Questo genere di richieste, oltre ad essere decisamente discutibili da punto di vista formativo e clinico, sono insostenibili per lo specializzando, che si trova confrontato con una “missione impossibile” a fronte della quale avrà il premio dell’agognato diploma. L’ovvia conseguenza è il  prolungamento del percorso di formazione, che comporta la conseguenza ancora più ovvia (e desiderata?) di ulteriori iscrizioni ad anni posteriori al quarto, a pagamento.

Il quinto comma va ad incidere su un altro aspetto, come il precedente, non solo assai discutibile sul piano formativo, ma anche ad alto rischio di circoli viziosi dal punto di vista economico. Si parla del tema delle psicoterapie individuali obbligatorie, rispetto alle quali in un’impostazione etica lo specializzando deve essere libero di scegliere il terapeuta che preferisce, e non essere costretto a rivolgersi ad un terapeuta indicato dalla scuola stessa.

Il sesto comma è assolutamente centrale, e si focalizza su un tema sul quale AP ha

da sempre posto grande attenzione: la formazione, da parte delle scuole di psicoterapia, di figure non regolamentate, attraverso corsi paralleli, in particolare di counselling.

La formazione di counselor e affini mina alla base il rapporto di fiducia della scuola con lo specializzando, in quanto la scuola di psicoterapia che avrebbe il compito di formare psicologi psicoterapeuti con l’intento (si spera!) di facilitarne l’attività professionale, si premura di diplomare, allo stesso tempo, una miriade di counselor che andranno a lavorare, senza alcuna regolamentazione, nello stesso campo dei neo specializzati, spesso in un’ottica di competizione selvaggia e di confine labile con l’esercizio abusivo della professione di psicologo.

L’aspetto paradossale dell’operazione è che siano gli psicologi stessi, che dirigono le scuole, a preparare queste figure che vanno ad occupare spazi che potrebbero utilmente essere destinati agli specializzandi che sono i primi e naturali destinatari dei servizi delle scuole.
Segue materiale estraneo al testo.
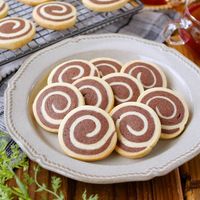くるくるとかわいい柄のクッキーがたくさん作れます。生地が厚いと巻きづらいので、薄めに広げましょう。巻く前に、生地同士がずれていかないように麺棒でころころと密着させるのがポイントです。巻くときには、空洞ができないようしっかりと巻いてくださいね。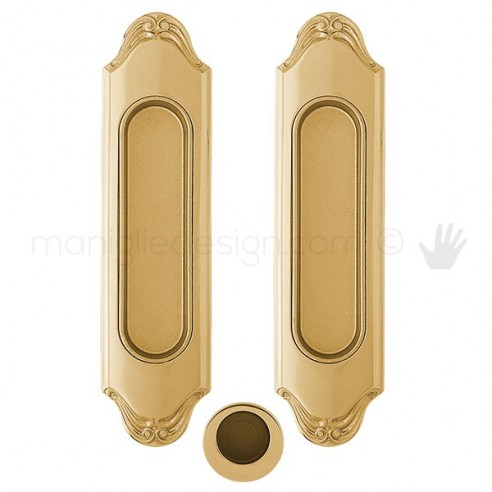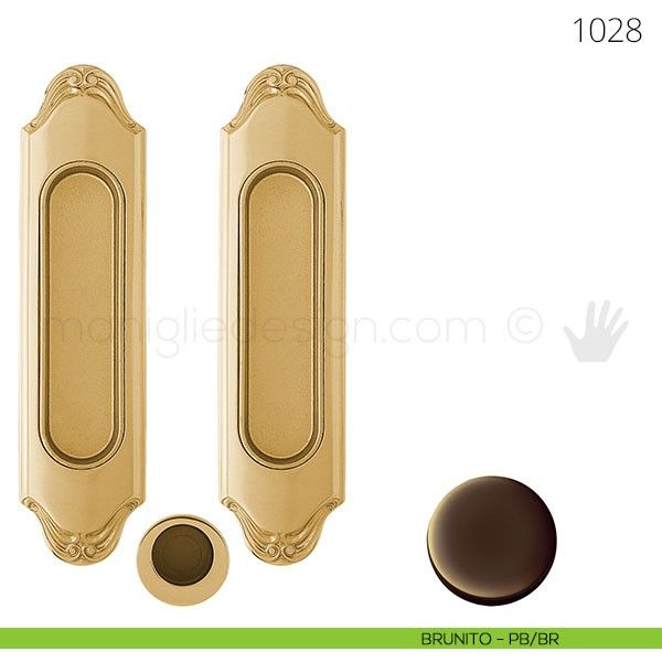 Maniglia per porta scorrevole Clip Mandelli senza serratura composto da due maniglie da incasso e maniglietta di trascinamento.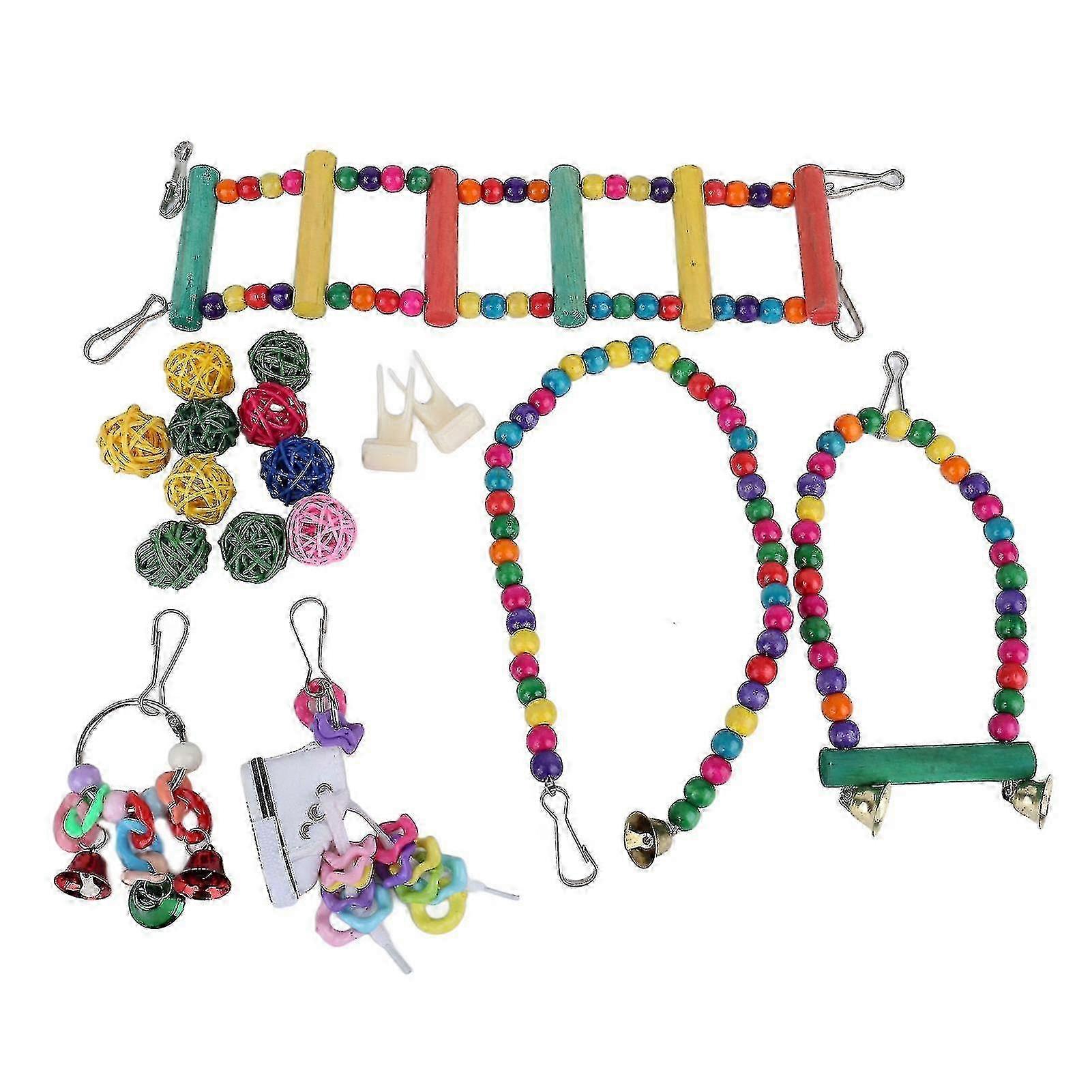 17Pcs Bird Cage Hanging Toys Parrot Swing Standing Chewing Hanging Toy with Hammock Hanging Ladder Rattan Balls Rope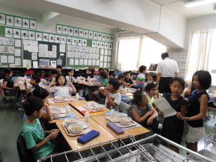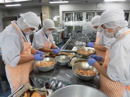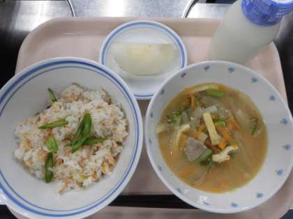 今日は重陽の節句にちなみ、鮭ずしに菊を入れました。菊の花はさっとゆでて寿司酢につけておき、焼いてほぐした鮭といっしょにご飯に混ぜました。鮭は調理師さんが骨を丁寧に取り除いてくれ、皮もおいしく食べることができるように皮だけさらに焼いてくれました。とても上品な味でおいしかったですが、クラスによっては少し残ってしまいました。呉汁にはごぼう、大根、ニンジンなどのほかにゆでてつぶした大豆や豚肉も入っていて栄養満点です。くだものは旬のナシでした。さっぱりとしておいしく、大人気でした。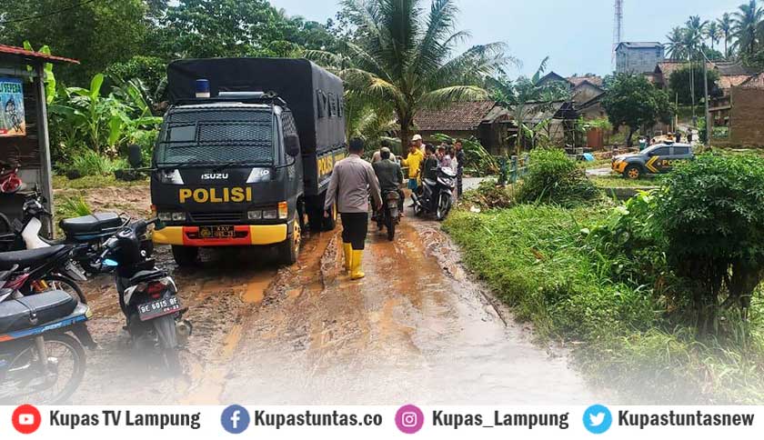 Polres Lamsel ke lokasi-lokasi yang terdampak Banjir guna membantu mengevakuasi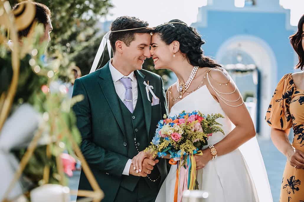 «Τη διακόσμηση του γάμου μας επιμελήθηκε η φανταστική Σταυρούλα Τριπιλιώτη, την οποία εμπιστευτήκαμε απόλυτα και είχε το ελεύθερο από εμάς να δημιουργήσει βάσει του στυλ που θέλαμε: bohemian chique! Πολύχρωμα λουλούδια, πολύχρωμες κορδέλες και χρυσά έντονα διαχρονικά στοιχεία απέπνεαν την allegria και χαρά μας αναδεικνύοντας το απέραντο υπέροχο γαλάζιο της θάλασσας! Η νυφική ανθοδέσμη αποτελείτο από πολύχρωμες παιώνιες, χαμομήλι, αλστροεμερια, σολινταγκο , λυσίανθους και τριανταφυλλάκια, και φυσικά πολύχρωμες μακριές κορδέλες! Οι λεπτομέρειες που μας άρεσαν πιο πολύ στην εκκλησία ήταν οι χρωματισμένες λάμπες με λουλουδάκια που κρέμονταν από τα δέντρα και οι κορδέλες, τα οποία μας τα έκανε έκπληξη η Σταυρούλα! Στη δεξίωση αγαπημένο στοιχείο της διακόσμησης ήταν τα χρυσά στρογγυλά rings με κορδέλες για το μπάρ και λουλούδια με κορδέλες για τις πέργκολες, τα οποία έφτιαξα ένα προς ένα με πολλή αγάπη εγώ η ίδια!»

Inoltre, anche gli stessi counselor ed affini sono spesso sfruttati dal medesimo meccanismo che stritola gli psicologi: in un mercato del lavoro in cui ci sono grandissime difficoltà per gli psicologi e gli psicoterapeuti, i counselor spesso si trovano a non riuscire affatto ad esercitare ciò per cui si sono formati.

Ma c’è chi gioisce del meccanismo: le casse delle scuole, che traggono dai corsi di counseling, aperti a chiunque abbia un diploma, una fonte di sostentamento fiorente e  in costante crescita.

Il settimo comma prevede l’istituzione di borse di studio, basate su criteri di merito e/o di reddito, ai fini di facilitare la partecipazione e premiare la qualità.

L’ottavo comma, in continuità con il primo e il terzo, pone l’attenzione sul diritto per gli specializzandi a visionare il CV dei docenti.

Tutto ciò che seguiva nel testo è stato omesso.